Zu ihrem Jubiläum wird die evangelische Karolinenkirche in Großkarolinenfeld saniert. Um Spenden zu sammeln, werden einige Veranstaltungen angeboten.

Großkarolinenfeld – Die evangelische Karolinenkirche in Großkarolinenfeld ist in die Jahre gekommen. Dieses älteste evangelische Gotteshaus wird im nächsten Jahr 200 Jahre alt und muss saniert werden. Die Schirmherrschaft über die Sanierung haben bereits Regionalbischöfin in Ruhe, Susanne Breit-Kessler, zusammen mit Seiner Königlichen Hoheit Herzog Franz von Bayern übernommen.

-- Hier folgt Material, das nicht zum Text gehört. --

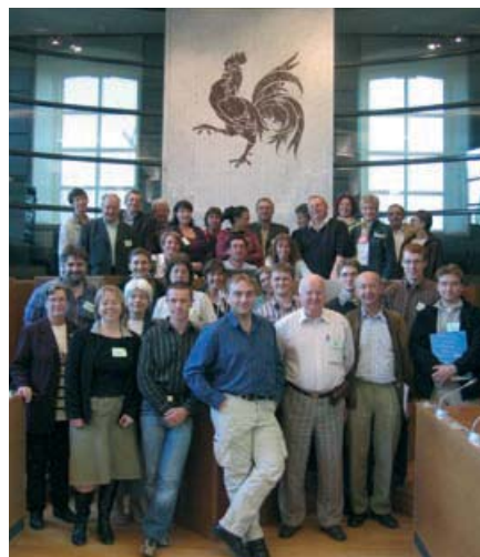
Gewone mensen in een wel buitengewoon gebeuren, willekeurig gekozen in de stad en op het platteland, konden zich een duidelijke, beargumenteerde mening vormen over de toekomst van het plattelandleven in Wallonië.

Het panel kwam tot stand in samenwerking met Trame cvba, expert op het gebied van plattelandontwikkeling, en kon rekenen op de actieve steun van de minister van Landbouw, Platteland en Milieu en van de Algemene Directie voor Landbouw van het Waalse Gewest.

Pfarrer Dr. Richard Graupner will, dass die Kirche ihren vertrauten, schlichten Charakter behält, aber der Raum zukünftig außer für Gottesdienste, auch für Konzerte und verschiedene Kulturveranstaltungen genutzt werden kann. Das Gotteshaus soll ein Ort der Begegnungen werden, so der Ortspfarrer. Die Kosten betragen etwa 1,2 Millionen.

Spendenaktionen sind geplant.

Um wenigstens einen Teil durch Spenden hereinzubekommen, plant die Gemeinde zusammen mit dem Förderverein Karolinenkirche verschiedene Veranstaltungen. Den Auftakt macht nun eine Ausstellung mit dem Titel „der sechste Tag“. Gezeigt werden Werke des Münchner Künstlers Christian Wichmann, die extra für diesen Anlass entstanden sind. Der Titel der Ausstellung nimmt Bezug auf die biblische Schöpfungsgeschichte. Eröffnet wurde die Vernissage mit einer Lesung der Urgeschichte von zwei jungen Christen.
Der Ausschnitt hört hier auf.